How Do You Calculate the Sum of Specific Mathematical Progressions?

[courtrigrad]

(1) Let's say you have the progression 5 + 12 + 21 + ... + 1048675 and you want to find the sum of 20 terms. I know that the kth term is given by 2^{k} +3 + 5(k-1).

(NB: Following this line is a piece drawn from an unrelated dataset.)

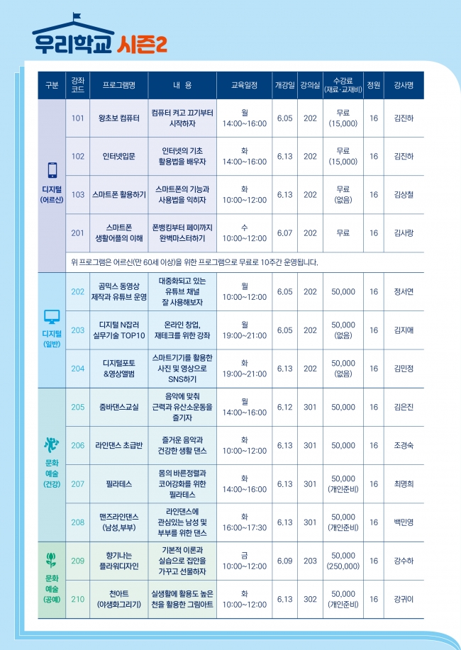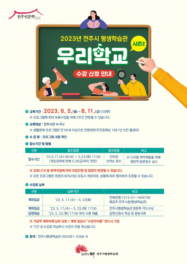 2023년 평생학습관 우리학교 시즌2 수강생 모집

So would I treat the 2^{k} terms separately from the 3 + 5(k-1) terms? Would it be 2 + 4 + 8 + 16 +... + 2^{n} and 3 + 8 + 13 + ... + (3+5(k-1)). Would the total sum be \frac{2 - 2(2)^{n}}{-1} + \frac{n}{2}(3+ (3+5(k-1))?

2097248 + 1010

(2) 3 + 10 + 25 + ... + 39394 and you want to find sum of first 10 terms. I know that the kth term is 2 \times 3^{k-1} + 1 + 3(k-1) Would i do the same thing and treat the 3^{k-1} and 1 + 3(k-1) separately?

Thanks

 

[The Bob]

I have only looked at (1) but here is what I have done:

a₁ = 5
a₂ = 12
a₃ = 21

You have said that: a_k = 2^k + 5k - 2

So: a_{k + 1} = 2^(k+1) + 5(k+1) - 2

This means that: a_k+1 + a_k = 2^(k+1) + 5(k+1) - 2 + 2^k + 5k - 2 = 2^{k + 1} + 2^k + 10k + 1

and: This means that: a_k+2 + a_k+1 + a_k = 2^(k+2) + 5(k+2) - 2 + 2^(k+1) + 5(k+1) - 2 + 2^k + 5k - 2
= 2^(k+2) + 2^(k+1) + 2^k + 15k + 9

I have found that the sum of the terms 2^(k+n) for n = 0, 1, 2 etc. is 2^(k+1) - 2.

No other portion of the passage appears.